Tabel 6. Penggunaan Gelatin Dalam Industri Pangan, Non-Pangan di Dunia
Jenis Industri Jumlah Penggunaan (ton)
Jenis Industri Jumlah Penggunaan (ton) Industri Pangan : - Konfeksionari -Produk Jelli -Industri Daging - Industri susu -Produk Low fat - food suplement 68.000 36.000 16.000 16.000 4000 4000 Industri Nonpangan: - Pembuatan Film - Kapsul lunak - cangkang kapsul - Farmasi - Industri Teknis 27.000 22.600 20.200 12.000 6000 Sumber :Wiyono (2001)
F. CMC (Carboxy Methyl Cellulose)
CMC adalah suatu senyawa yang termasuk dalam golongan hidrokoloid. Hidrokoloid merupakan polimer hidrofilik yang terdiri dari gugus hidroksil. Hidrokoloid dapat berasal dari tanaman, hewan, mikrobial ataupun sintetis. Berat molekul CMC berkisar antara 21,000-500,000 dengan gugus karboksimetil yang dihubungkan dengan gugus glukosa dari selulosa melalui ikatan ester (http://www.lsbu.ac.uk/water). Struktur kimia CMC dapat dilihat pada gambar 5.

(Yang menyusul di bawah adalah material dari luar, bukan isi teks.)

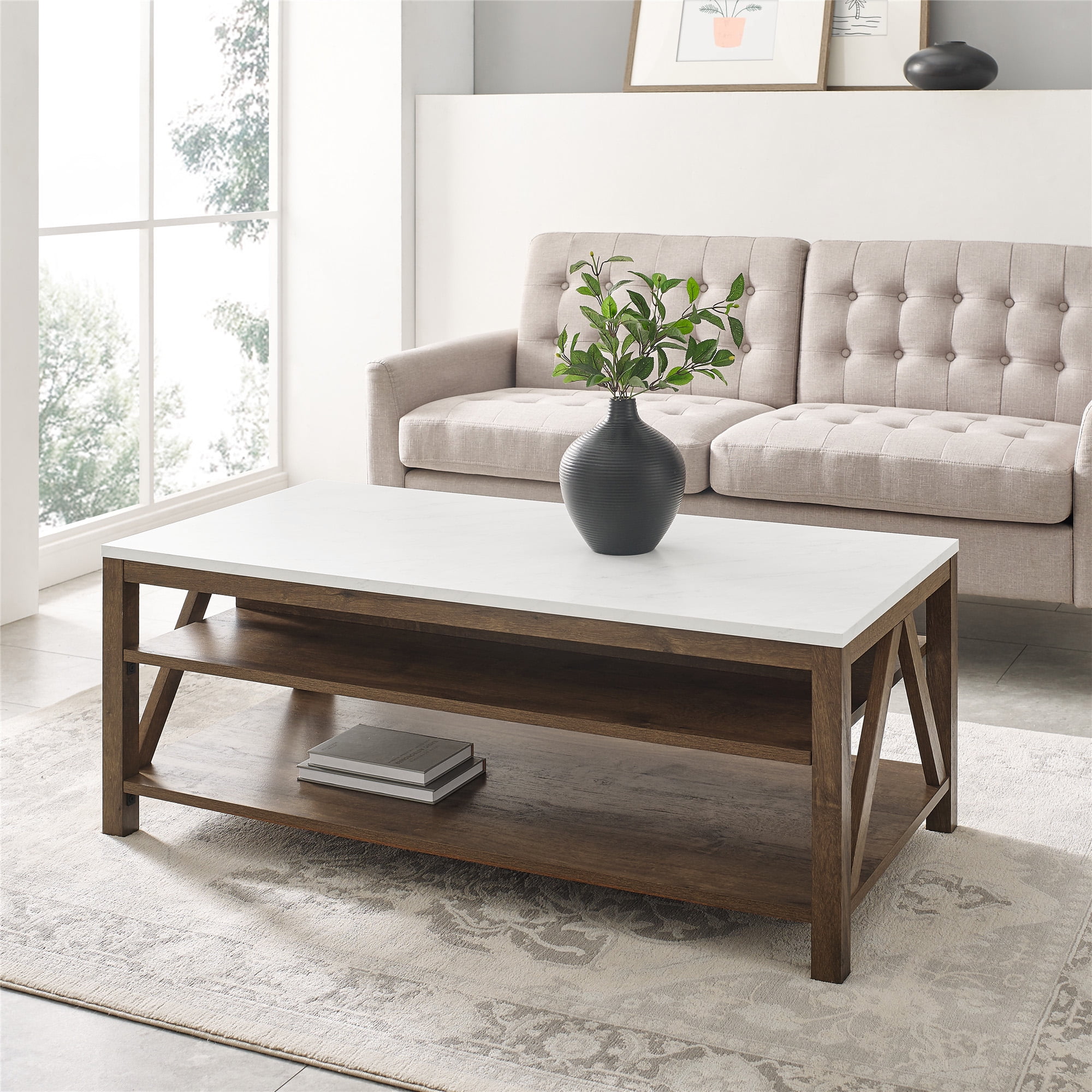 With its canted peg legs and low, linear profile, the Kisper coffee table is a mastery in mid-century minimalism. The look may be high-end gallery design, but the price is beautifully down to earth. Brushed dry brown finish is wonderfully easy on the eyes. Open shelving fuses form and function.

Gambar 5. Struktur Kimia Carboxy Methyl Cellulose
(www.lsbu.ac.uk/water)
CMC atau gum selulosa dihasilkan dari reaksi selulosa alkali dengan sodium monokloroasetat di bawah kondisi yang di kontrol ketat (Niperos- carriedo, 1994). CMC larut dalam air dingin maupun air panas, tetapi tidak larut dalam pelarut organik. CMC akan cocok dengan berbagai bahan seperti protein, gula, pati dan hidrokoloid lainnya. CMC digunakan secara luas
dalam berbagai bidang seperti makanan, farmasi, produk kertas, adhesif, dan kertas. Fungsi dasar dari CMC adalah untuk mengikat air atau meningkatkan viskositas pada fase cair, sehingga dapat menstabilkan bahan lain atau sinerisis (Glicksman, 1979)
CMC berwujud serbuk, berwarna putih, tidak berasa dan tidak berbau. CMC mudah larut dalam air pada semua temperatur atau dalam larutan basa tetapi tidak larut dalam alkohol, ester atau pelarut organik lainnya. Gugus karboksil pada CMC menyebabkan viskositas CMC dipengaruhi oleh pH larutan. Viskositas CMC dipengaruhi oleh suhu dan pH, pada pH kurang dari 5, viskositas CMC akan menurun, sedangkan CMC sangat stabil pada pH antara 5-11 (Klose dan Glicksman, 1975). Keasaman (pH) optimum dari larutan CMC adalah 5 dan apabila pH terlalu rendah (< 3), CMC akan mengendap (Winarno, 1992).
Menurut Winarno (1992), CMC yang banyak digunakan dalam industri pangan adalah garam Na CMC disingkat CMC yang dalam bentuk murni disebut gum selulosa. Proses pembuatan CMC ini adalah dengan
mereaksikan NaOH dengan sellulosa murni, kemudian ditambahkan Na-
kloroasetat. Persamaan reaksinya adalah sebagai berikut :
R-OH + NaOH → R-ONa + HOH
R-ONa + ClCH2COONa → R-CH2COONa + NaCl
Menurut Ganz (1997), CMC digunakan dalam industri pangan untuk memberikan bentuk, konsistensi dan tekstur. CMC juga berperan sebagai pengikat air, pengental dan stabilisator emulsi. CMC menjalankan fungsinya melalui interaksi antara gugus non polar dengan lemak.